## Work item
The required output is the lines below from the line containing "寒い地域なので暖炉を採用しており、本日薪を燃やしてみました。" to the line containing "Strażacy ćwiczyli techniki", inclusive, retyped exactly. No other lines belong in it.

## Records
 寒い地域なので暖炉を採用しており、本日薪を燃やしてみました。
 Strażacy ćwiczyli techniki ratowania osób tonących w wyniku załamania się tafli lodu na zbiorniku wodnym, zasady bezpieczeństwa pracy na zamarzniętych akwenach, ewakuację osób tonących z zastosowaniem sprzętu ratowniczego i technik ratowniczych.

---

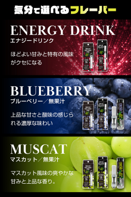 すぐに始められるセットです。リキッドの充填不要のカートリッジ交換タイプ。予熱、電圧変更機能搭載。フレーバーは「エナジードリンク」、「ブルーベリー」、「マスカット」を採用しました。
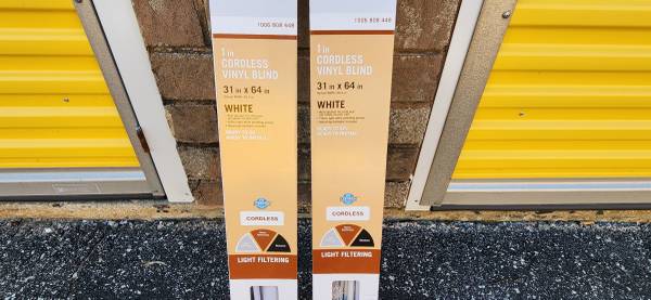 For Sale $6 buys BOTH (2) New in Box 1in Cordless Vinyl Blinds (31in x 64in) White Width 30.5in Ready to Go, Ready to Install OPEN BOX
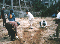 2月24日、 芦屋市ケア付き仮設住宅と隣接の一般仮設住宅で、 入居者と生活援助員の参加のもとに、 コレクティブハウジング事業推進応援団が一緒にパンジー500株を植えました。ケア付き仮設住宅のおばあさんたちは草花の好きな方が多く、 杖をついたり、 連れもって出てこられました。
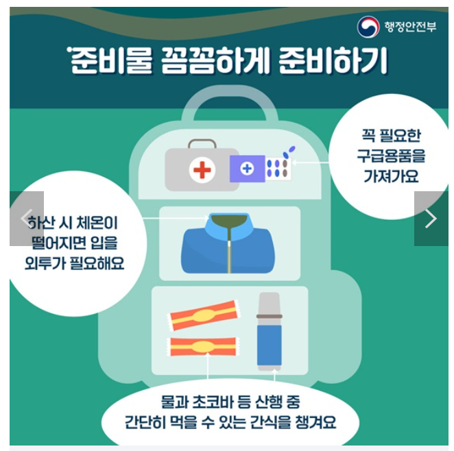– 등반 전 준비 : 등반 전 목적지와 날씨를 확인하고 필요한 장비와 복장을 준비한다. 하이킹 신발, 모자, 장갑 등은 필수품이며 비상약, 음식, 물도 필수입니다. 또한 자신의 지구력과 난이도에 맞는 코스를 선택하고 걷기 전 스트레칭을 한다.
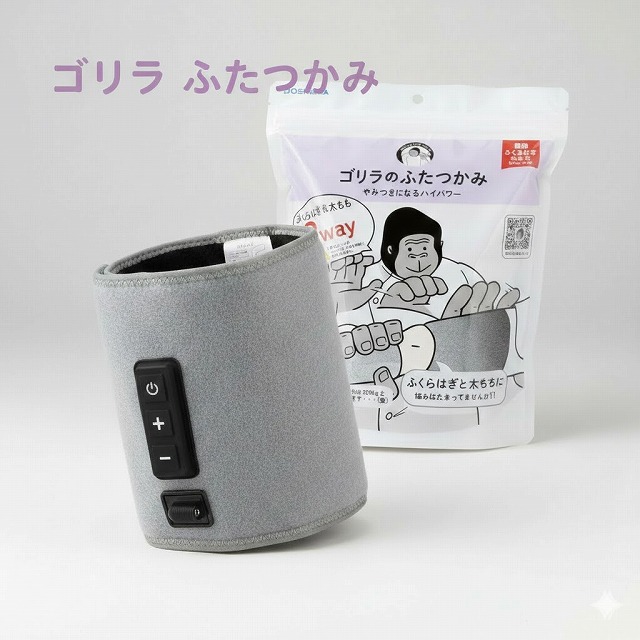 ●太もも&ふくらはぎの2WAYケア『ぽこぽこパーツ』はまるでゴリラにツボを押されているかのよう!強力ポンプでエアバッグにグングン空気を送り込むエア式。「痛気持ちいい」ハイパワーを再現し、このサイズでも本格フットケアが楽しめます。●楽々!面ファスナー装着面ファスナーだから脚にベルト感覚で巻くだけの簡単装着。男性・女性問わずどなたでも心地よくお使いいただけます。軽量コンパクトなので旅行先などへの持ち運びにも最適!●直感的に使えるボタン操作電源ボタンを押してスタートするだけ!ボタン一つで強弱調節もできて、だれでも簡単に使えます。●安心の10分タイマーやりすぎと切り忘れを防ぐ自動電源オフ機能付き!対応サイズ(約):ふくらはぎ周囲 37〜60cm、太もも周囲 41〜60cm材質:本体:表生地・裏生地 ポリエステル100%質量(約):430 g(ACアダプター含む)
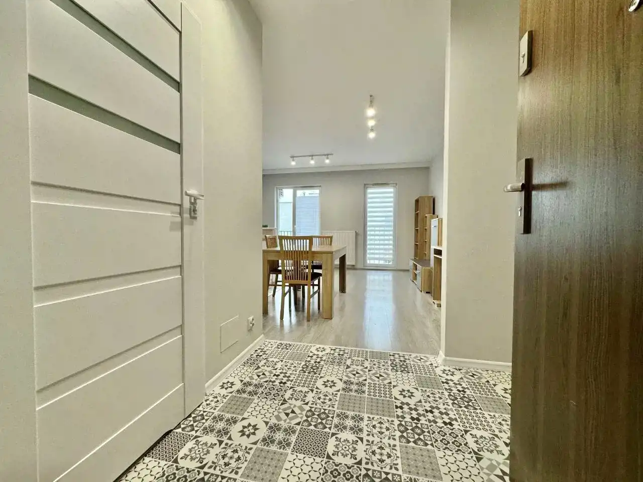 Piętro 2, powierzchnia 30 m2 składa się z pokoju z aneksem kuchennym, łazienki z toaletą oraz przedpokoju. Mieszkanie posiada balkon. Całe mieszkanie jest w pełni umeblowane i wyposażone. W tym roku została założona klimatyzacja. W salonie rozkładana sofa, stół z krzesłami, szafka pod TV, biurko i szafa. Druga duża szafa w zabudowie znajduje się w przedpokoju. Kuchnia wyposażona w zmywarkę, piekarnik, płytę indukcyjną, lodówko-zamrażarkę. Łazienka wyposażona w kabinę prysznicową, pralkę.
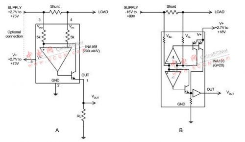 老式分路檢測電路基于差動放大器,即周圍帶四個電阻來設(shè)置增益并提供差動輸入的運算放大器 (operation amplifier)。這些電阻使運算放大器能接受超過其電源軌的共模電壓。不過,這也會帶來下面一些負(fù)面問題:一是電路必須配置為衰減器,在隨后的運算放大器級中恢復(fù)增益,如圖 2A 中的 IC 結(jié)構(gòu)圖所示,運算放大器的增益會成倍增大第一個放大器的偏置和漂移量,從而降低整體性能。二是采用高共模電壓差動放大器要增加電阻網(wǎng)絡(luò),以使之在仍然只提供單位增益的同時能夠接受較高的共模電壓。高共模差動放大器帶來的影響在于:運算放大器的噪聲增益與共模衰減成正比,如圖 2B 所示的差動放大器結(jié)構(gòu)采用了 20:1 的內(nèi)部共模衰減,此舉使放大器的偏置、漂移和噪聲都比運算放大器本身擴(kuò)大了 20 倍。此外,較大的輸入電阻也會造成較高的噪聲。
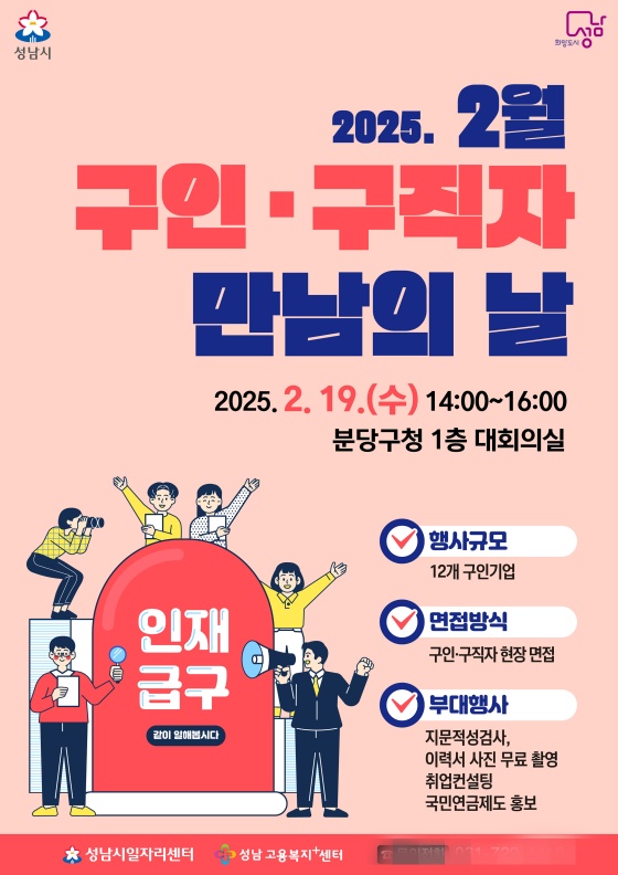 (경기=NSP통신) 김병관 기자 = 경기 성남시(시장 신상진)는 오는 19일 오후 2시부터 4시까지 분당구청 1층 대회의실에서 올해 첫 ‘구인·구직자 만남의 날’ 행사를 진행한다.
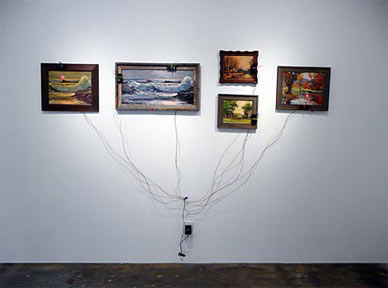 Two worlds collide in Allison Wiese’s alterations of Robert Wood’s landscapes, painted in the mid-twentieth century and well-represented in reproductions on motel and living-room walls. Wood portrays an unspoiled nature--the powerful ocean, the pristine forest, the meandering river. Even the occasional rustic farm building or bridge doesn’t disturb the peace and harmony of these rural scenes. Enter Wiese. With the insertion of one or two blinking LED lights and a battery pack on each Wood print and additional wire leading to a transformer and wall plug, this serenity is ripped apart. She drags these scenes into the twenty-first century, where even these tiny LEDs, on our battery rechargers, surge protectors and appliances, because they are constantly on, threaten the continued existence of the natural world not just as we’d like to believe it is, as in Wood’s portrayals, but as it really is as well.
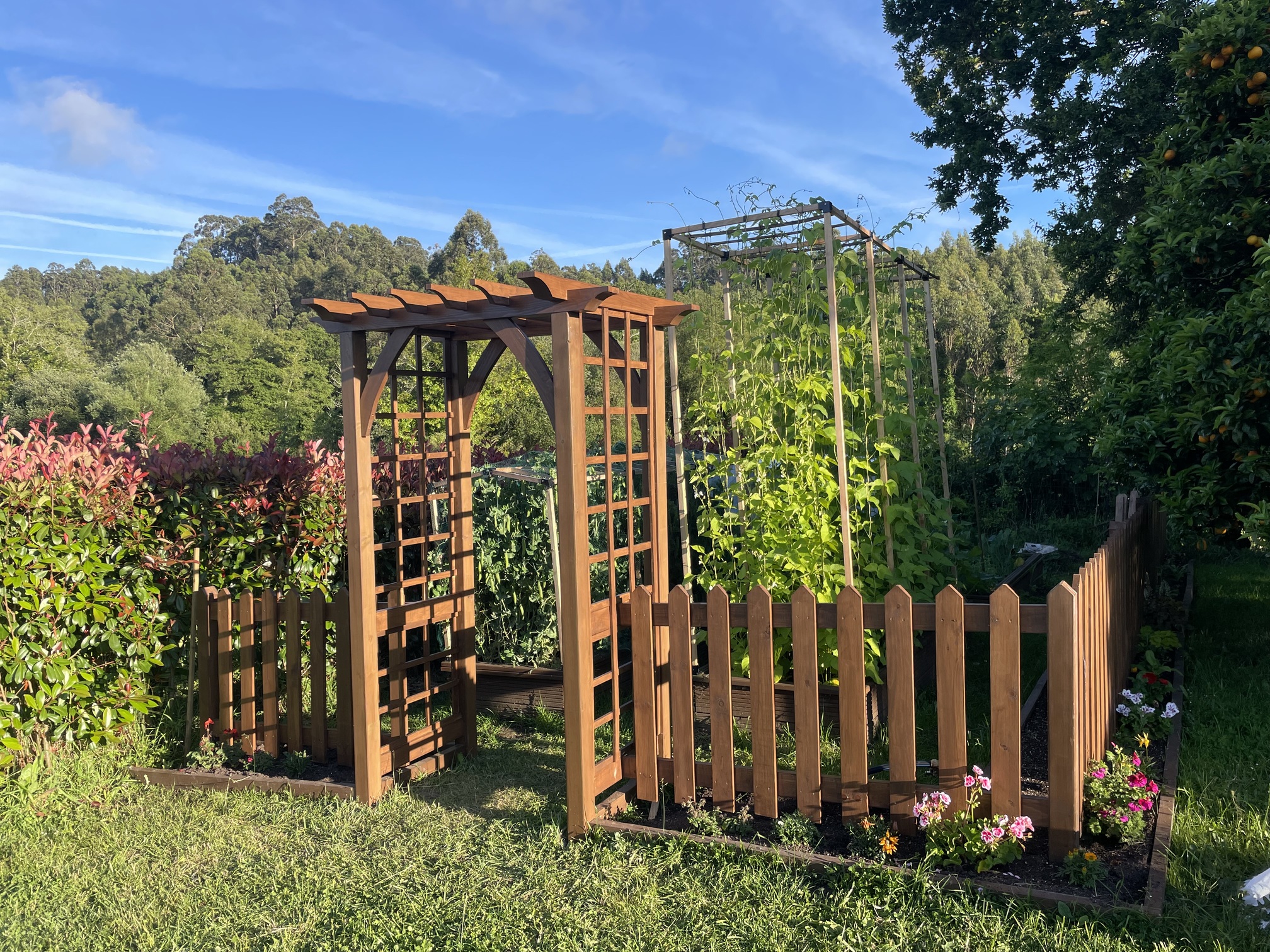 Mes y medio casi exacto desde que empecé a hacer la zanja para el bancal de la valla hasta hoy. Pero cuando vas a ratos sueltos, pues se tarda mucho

## Answer box
 寒い地域なので暖炉を採用しており、本日薪を燃やしてみました。
 Strażacy ćwiczyli techniki ratowania osób tonących w wyniku załamania się tafli lodu na zbiorniku wodnym, zasady bezpieczeństwa pracy na zamarzniętych akwenach, ewakuację osób tonących z zastosowaniem sprzętu ratowniczego i technik ratowniczych.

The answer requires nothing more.